A Model for the Prediction of Precipitation Curves for Globular Proteins with Nonionic Polymers as the Precipitating Agent

Abstract

A statistical thermodynamic model for the prediction of precipitation curves of globular proteins using nonionic polymers has been proposed. The model accounts for protein-polymer, polymer-solvent, electrostatic, and hydrophobic interactions as well as the entropy of mixing and employs simplifying assumptions such as spherical globular protein molecule with uniform surface properties and linear, homogeneous polymer uniform with respect to molecular weight. The proposed model can only be employed to predict precipitation curves of charged proteins at sufficiently high ionic strengths since it does not account for electrostatic protein-protein interactions due to overlap of electrical double layers. The model predictions of precipitation curves of human serum albumin (HSA) at the isoelectric point using polyethylene glycol (PEG) for different initial protein concentrations and molecular weights of PEG agreed well with the experimental data.

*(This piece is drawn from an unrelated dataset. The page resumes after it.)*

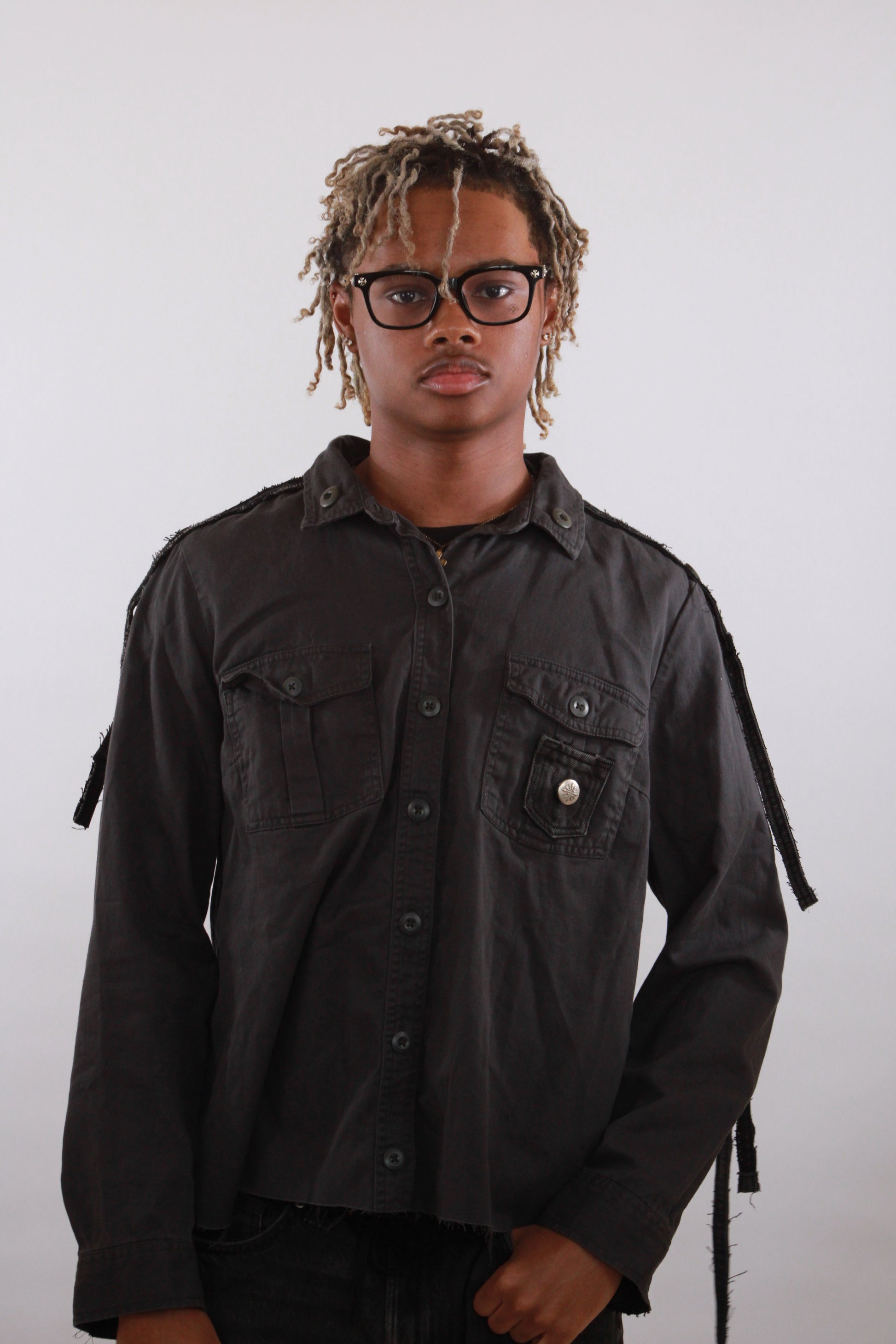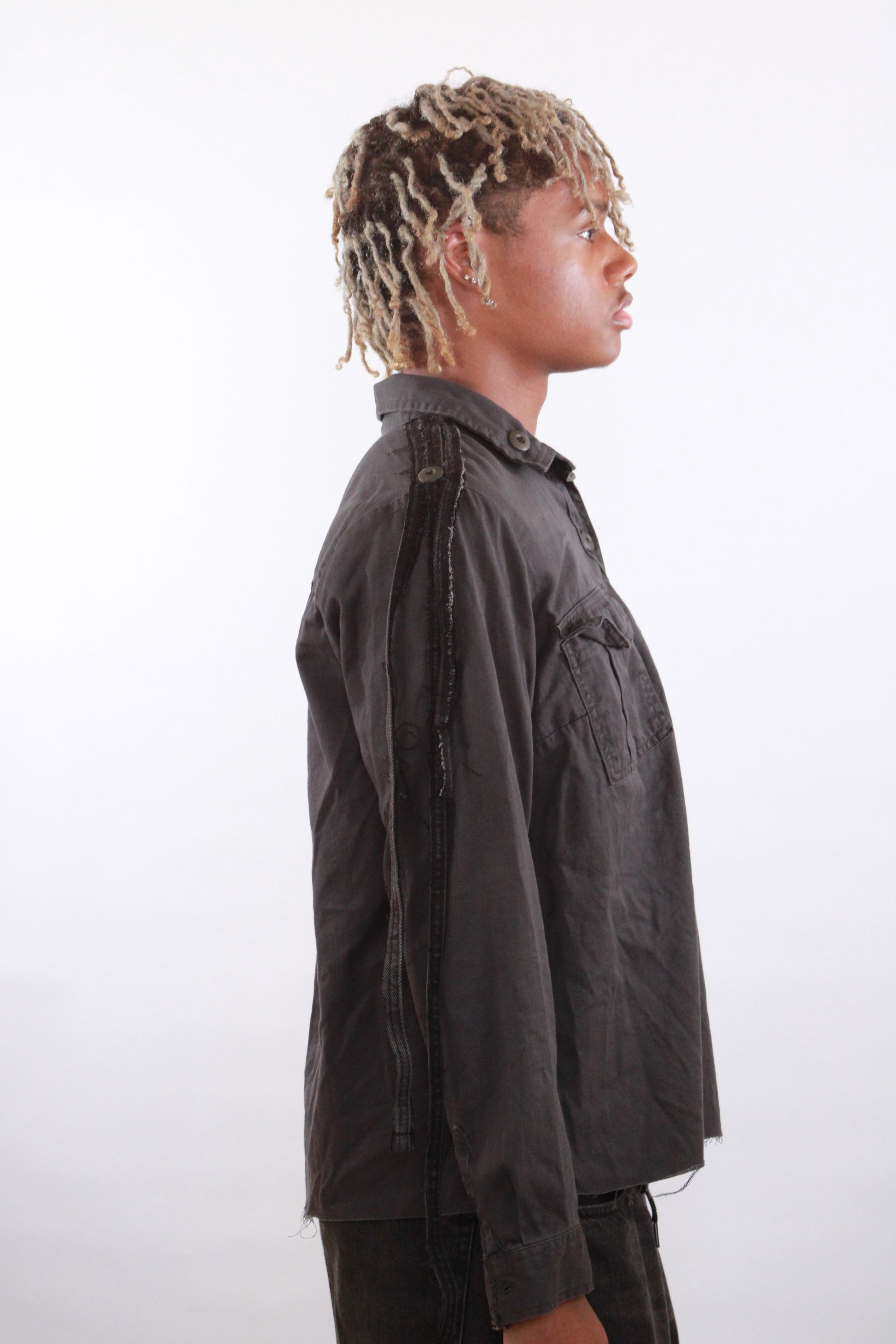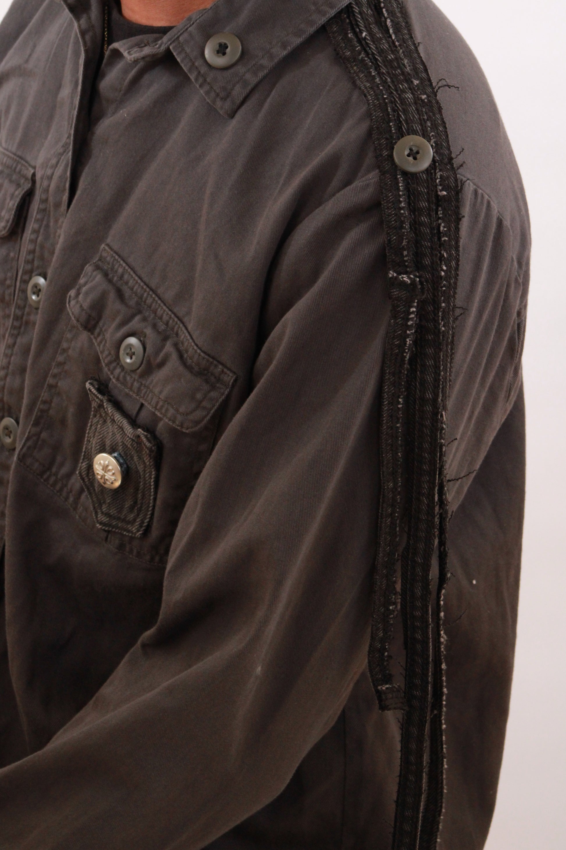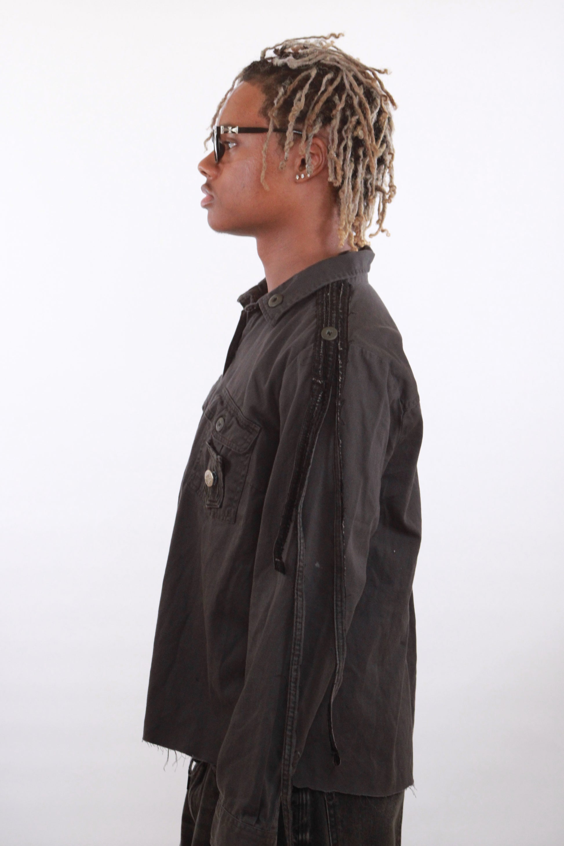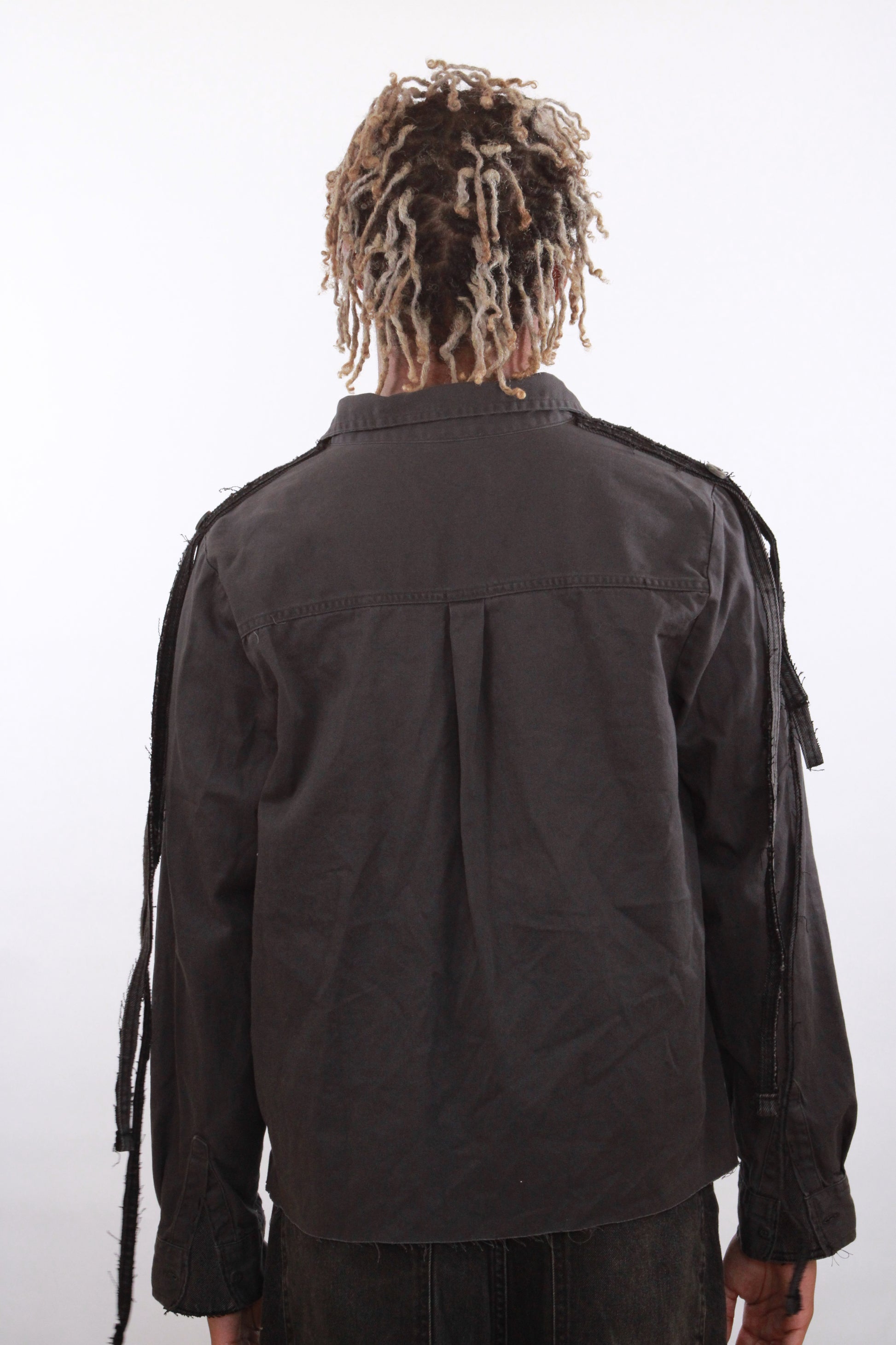 Dark grey long-sleeve button-up with denim straps hanging from both sides of the sleeves and buttons stitched in some areas with a mini denim pocket patched

Higher polymer concentrations were found to be required to precipitate proteins for lower molecular weight polymers, lower initial protein concentrations, and more favorable protein-polymer interactions. The HSA-PEG interaction parameter, obtained by fitting the model to experimental data for one molecular weight PEG, was found to be 0.122. Solubility of HSA in PEG solution was found to decrease with increasing salt concentrations, this effect being more pronounced at lower PEG concentrations. The net charge on HSA was found to result in a maximum in its solubility at intermediate salt concentrations as a result of competing salting-in and salting-out effects.